Web of Science Citations: 1
Abstract

Amyotrophic lateral sclerosis (ALS) is a fatal neurodegenerative disease affecting upper and lower motoneurons (MNs). The etiology of the disease is still unknown for most patients with sporadic ALS, while in 5-10% of the familial cases, several gene mutations have been linked to the disease.
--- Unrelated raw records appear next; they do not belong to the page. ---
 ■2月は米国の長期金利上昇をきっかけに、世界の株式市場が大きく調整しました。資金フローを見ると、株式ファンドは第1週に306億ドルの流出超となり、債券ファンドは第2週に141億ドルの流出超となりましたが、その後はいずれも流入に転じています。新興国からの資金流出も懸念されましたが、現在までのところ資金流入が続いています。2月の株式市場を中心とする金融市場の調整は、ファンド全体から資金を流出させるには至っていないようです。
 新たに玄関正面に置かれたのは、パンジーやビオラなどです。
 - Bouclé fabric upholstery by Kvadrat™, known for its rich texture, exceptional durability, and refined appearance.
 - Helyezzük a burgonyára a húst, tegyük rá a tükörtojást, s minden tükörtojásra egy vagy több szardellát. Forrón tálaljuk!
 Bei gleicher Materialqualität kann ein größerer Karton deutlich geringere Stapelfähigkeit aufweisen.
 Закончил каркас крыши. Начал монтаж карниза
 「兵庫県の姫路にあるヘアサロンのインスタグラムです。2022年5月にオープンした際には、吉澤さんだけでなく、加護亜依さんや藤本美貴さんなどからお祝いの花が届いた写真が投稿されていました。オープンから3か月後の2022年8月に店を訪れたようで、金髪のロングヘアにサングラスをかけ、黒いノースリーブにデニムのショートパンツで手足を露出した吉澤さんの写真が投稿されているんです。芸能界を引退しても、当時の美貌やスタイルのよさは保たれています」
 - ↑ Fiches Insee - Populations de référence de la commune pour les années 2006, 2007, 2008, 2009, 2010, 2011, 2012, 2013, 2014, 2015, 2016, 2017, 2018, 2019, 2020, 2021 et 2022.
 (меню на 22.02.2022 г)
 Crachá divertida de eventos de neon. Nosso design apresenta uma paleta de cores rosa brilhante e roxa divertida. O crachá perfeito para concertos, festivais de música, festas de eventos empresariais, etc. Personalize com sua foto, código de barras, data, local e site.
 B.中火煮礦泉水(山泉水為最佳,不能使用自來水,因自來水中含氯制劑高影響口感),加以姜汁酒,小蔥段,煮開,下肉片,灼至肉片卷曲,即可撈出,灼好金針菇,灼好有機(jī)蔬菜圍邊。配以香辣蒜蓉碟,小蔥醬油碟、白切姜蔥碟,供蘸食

Mutations in the gene encoding Cu, Zn superoxide dismutase (SOD1), reproducing in animal models a pathological scenario similar to that found in ALS patients, have allowed for the identification of mechanisms relevant to the ALS pathogenesis. Among them, neuroinflammation mediated by glial cells and systemic immune activation play a key role in the progression of the disease, through mechanisms that can be either neuroprotective or neurodetrimental depending on the type of cells and the MN compartment involved. In this review, we will examine and discuss the involvement of major histocompatibility complex class I (MHCI) in ALS concerning its function in the adaptive immunity and its role in modulating the neural plasticity in the central and peripheral nervous system. The evidence indicates that the overexpression of MHCI into MNs protect them from astrocytes' toxicity in the central nervous system (CNS) and promote the removal of degenerating motor axons accelerating collateral reinnervation of muscles. (AU)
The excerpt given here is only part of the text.